## Task description
In the material below, find the span from the line with "lucifers in flesje" to the line with "we know time" and transcribe only those lines, exactly, ends included, without the pictures.

## Records provided
━━━━━━━━
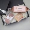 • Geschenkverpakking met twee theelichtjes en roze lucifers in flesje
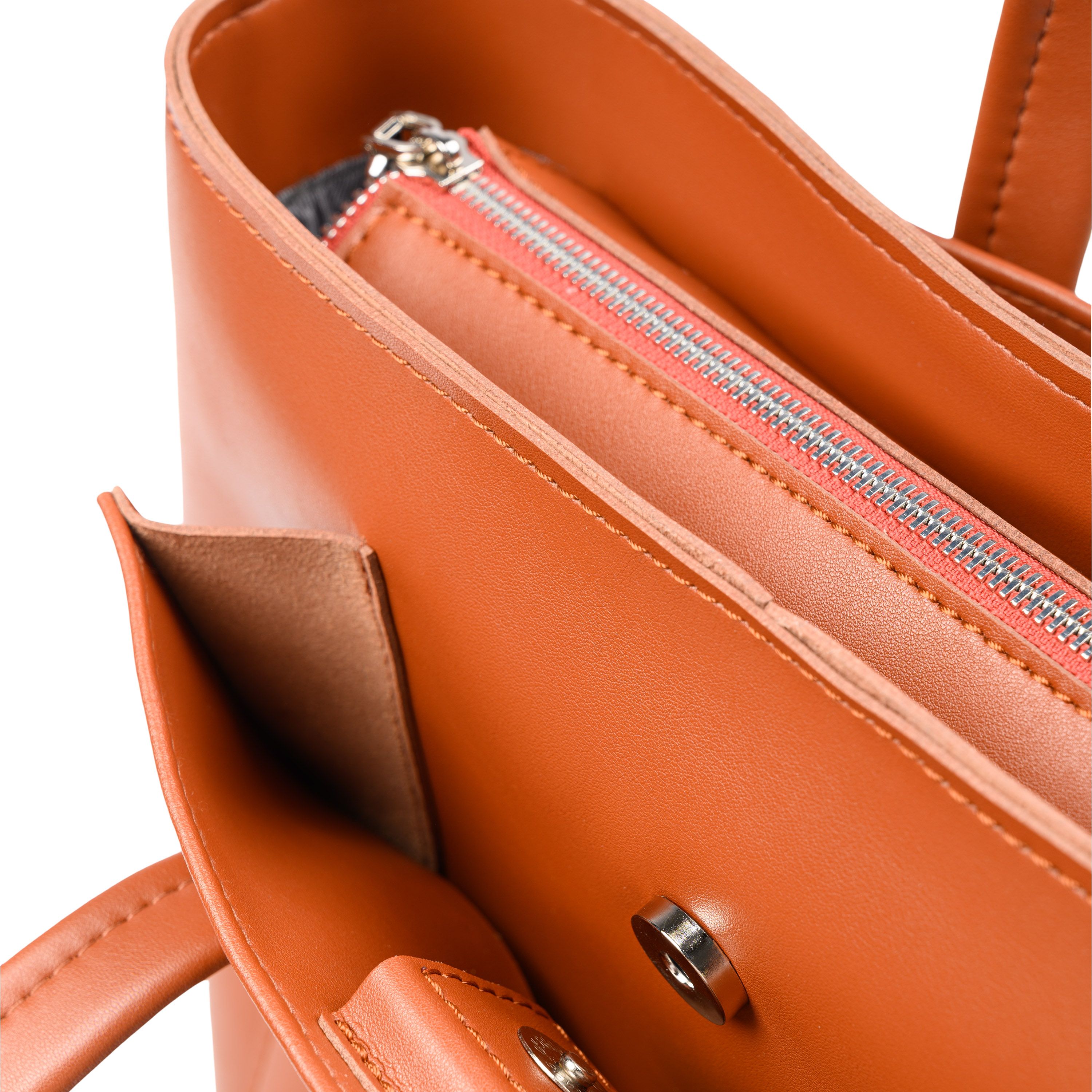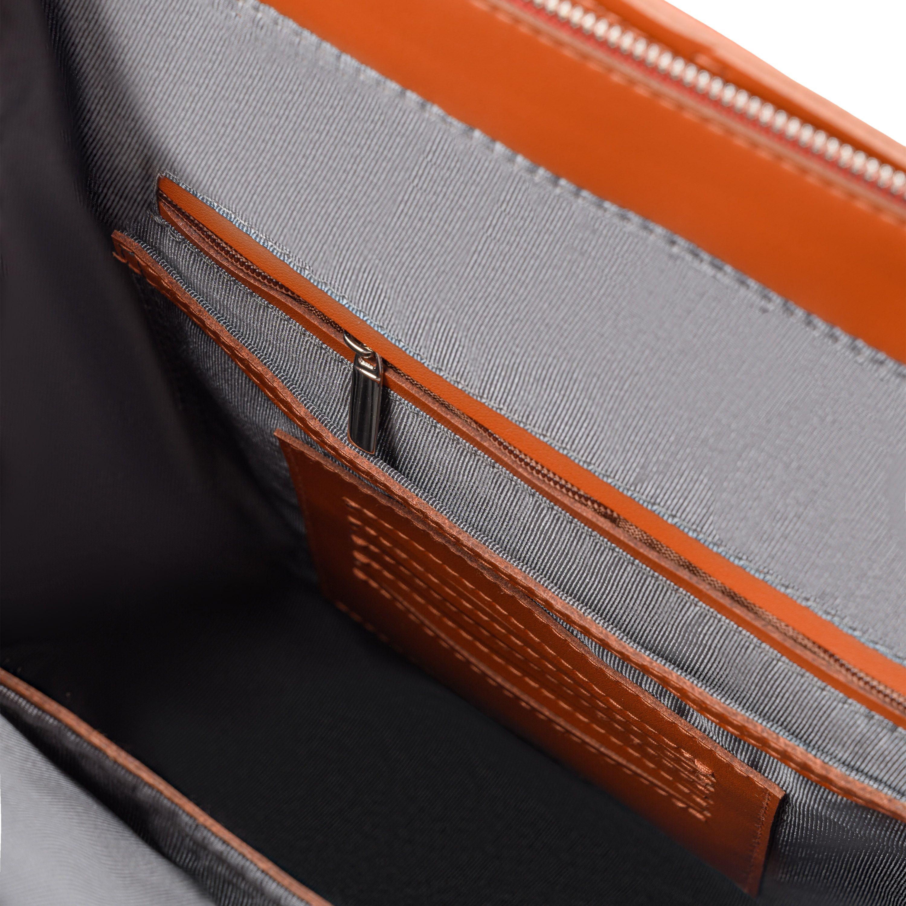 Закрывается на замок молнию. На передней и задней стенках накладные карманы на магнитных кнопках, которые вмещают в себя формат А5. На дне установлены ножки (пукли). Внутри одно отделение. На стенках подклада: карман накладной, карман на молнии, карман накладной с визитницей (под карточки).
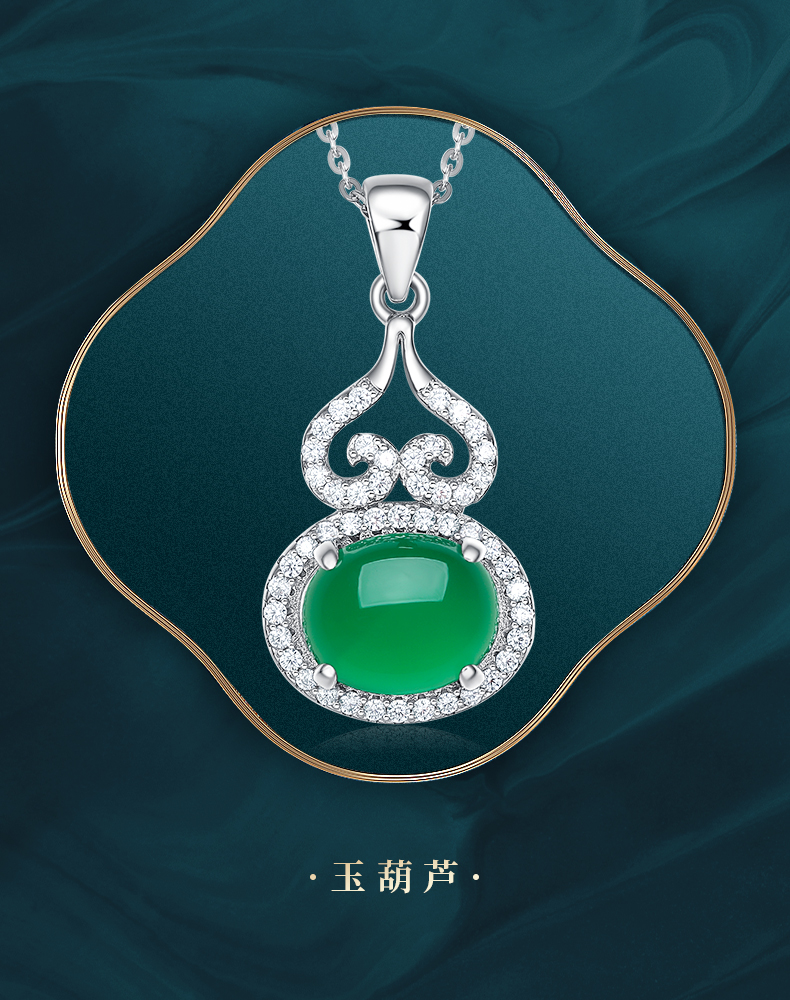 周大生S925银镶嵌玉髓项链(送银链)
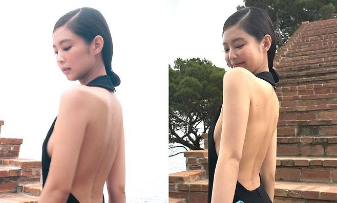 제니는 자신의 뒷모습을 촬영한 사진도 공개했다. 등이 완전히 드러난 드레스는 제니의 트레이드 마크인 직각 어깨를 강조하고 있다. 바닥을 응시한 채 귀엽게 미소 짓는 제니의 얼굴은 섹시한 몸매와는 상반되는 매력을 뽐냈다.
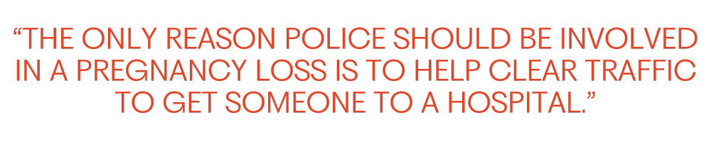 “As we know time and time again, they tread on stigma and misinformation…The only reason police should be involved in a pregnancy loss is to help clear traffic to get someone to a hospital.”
━━━━━━━━
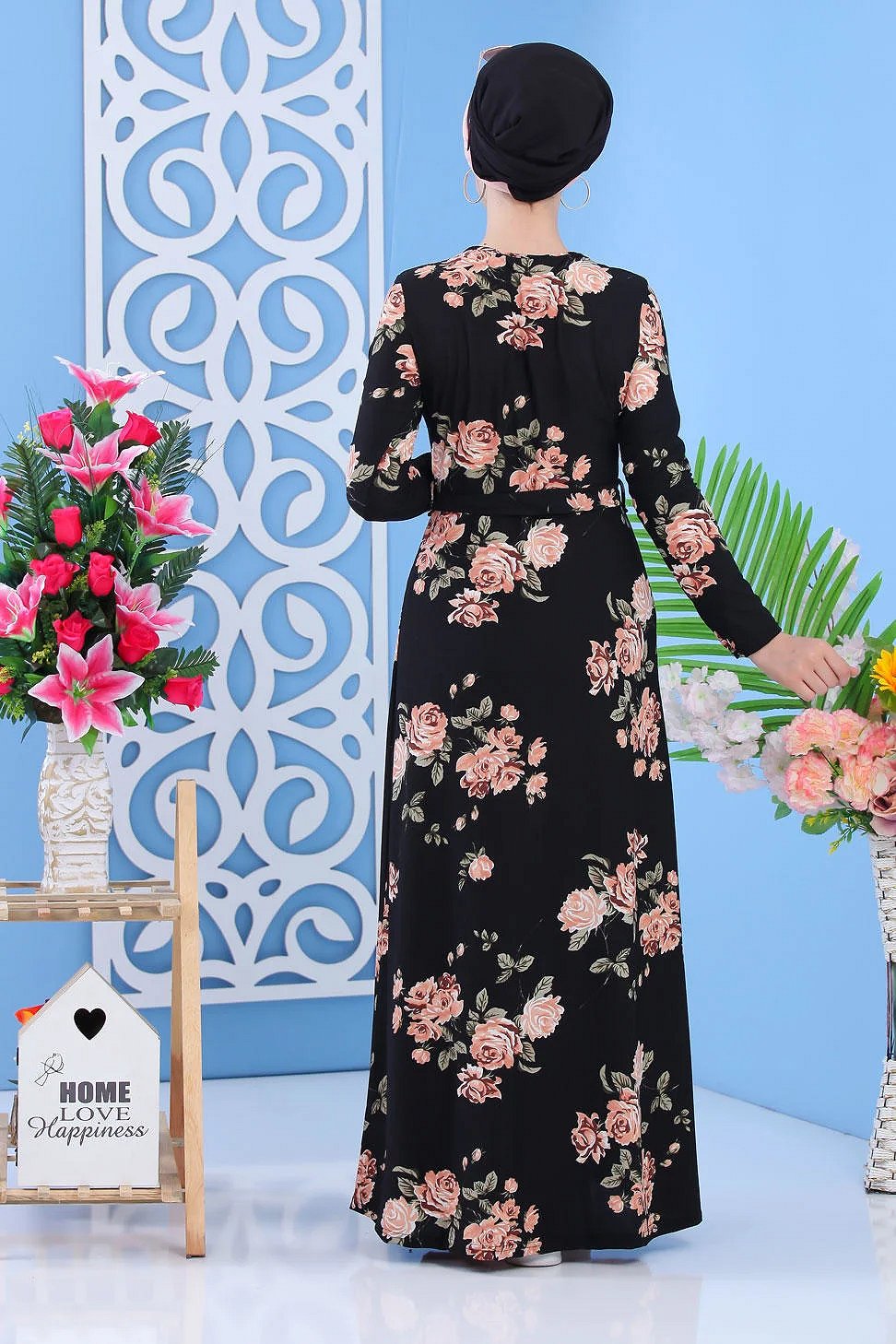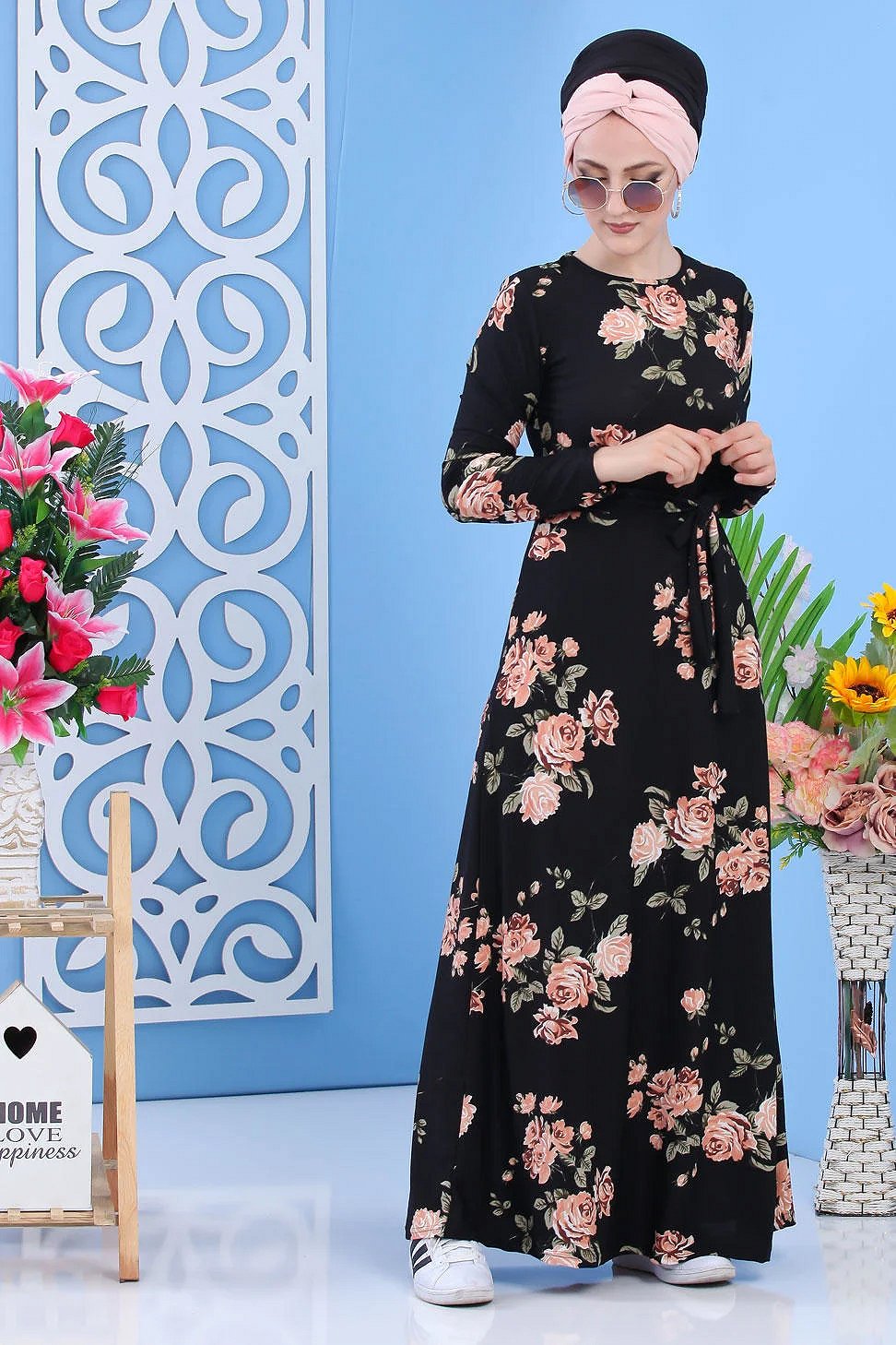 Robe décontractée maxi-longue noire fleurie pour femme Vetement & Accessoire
━━━━━━━━
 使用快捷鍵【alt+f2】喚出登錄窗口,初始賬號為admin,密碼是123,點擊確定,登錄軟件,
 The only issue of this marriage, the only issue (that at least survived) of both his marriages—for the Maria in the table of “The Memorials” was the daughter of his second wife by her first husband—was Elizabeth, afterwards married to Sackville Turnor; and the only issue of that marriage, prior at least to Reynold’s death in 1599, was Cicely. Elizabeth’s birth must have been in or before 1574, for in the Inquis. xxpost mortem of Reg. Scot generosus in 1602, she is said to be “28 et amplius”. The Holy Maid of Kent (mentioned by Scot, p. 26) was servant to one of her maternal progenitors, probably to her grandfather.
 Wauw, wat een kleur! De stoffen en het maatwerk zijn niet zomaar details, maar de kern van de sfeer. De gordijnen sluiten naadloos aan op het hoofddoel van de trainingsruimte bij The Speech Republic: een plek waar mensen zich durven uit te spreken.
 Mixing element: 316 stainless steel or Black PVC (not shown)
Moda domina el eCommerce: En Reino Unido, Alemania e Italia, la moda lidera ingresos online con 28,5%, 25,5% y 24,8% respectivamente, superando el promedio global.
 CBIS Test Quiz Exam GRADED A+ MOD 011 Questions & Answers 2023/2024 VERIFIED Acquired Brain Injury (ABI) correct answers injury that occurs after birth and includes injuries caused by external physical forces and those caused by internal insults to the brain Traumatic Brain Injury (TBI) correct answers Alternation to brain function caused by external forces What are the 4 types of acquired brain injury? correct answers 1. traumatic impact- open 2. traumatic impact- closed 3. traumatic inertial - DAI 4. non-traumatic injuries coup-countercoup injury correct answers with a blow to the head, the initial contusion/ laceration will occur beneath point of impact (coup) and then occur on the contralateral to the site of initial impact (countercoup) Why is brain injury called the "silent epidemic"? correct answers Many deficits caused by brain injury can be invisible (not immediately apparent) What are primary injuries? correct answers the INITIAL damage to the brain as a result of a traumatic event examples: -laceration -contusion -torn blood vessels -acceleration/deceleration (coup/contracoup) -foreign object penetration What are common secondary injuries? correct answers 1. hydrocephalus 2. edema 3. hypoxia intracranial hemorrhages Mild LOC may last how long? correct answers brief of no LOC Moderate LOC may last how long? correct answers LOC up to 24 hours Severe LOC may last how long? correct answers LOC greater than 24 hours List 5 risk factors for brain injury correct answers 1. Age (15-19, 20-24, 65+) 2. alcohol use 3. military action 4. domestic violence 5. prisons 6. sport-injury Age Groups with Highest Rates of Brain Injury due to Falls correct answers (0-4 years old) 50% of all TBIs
━━━━━━━━
## Task answer
 • Geschenkverpakking met twee theelichtjes en roze lucifers in flesje
 Закрывается на замок молнию. На передней и задней стенках накладные карманы на магнитных кнопках, которые вмещают в себя формат А5. На дне установлены ножки (пукли). Внутри одно отделение. На стенках подклада: карман накладной, карман на молнии, карман накладной с визитницей (под карточки).
 周大生S925银镶嵌玉髓项链(送银链)
 제니는 자신의 뒷모습을 촬영한 사진도 공개했다. 등이 완전히 드러난 드레스는 제니의 트레이드 마크인 직각 어깨를 강조하고 있다. 바닥을 응시한 채 귀엽게 미소 짓는 제니의 얼굴은 섹시한 몸매와는 상반되는 매력을 뽐냈다.
 “As we know time and time again, they tread on stigma and misinformation…The only reason police should be involved in a pregnancy loss is to help clear traffic to get someone to a hospital.”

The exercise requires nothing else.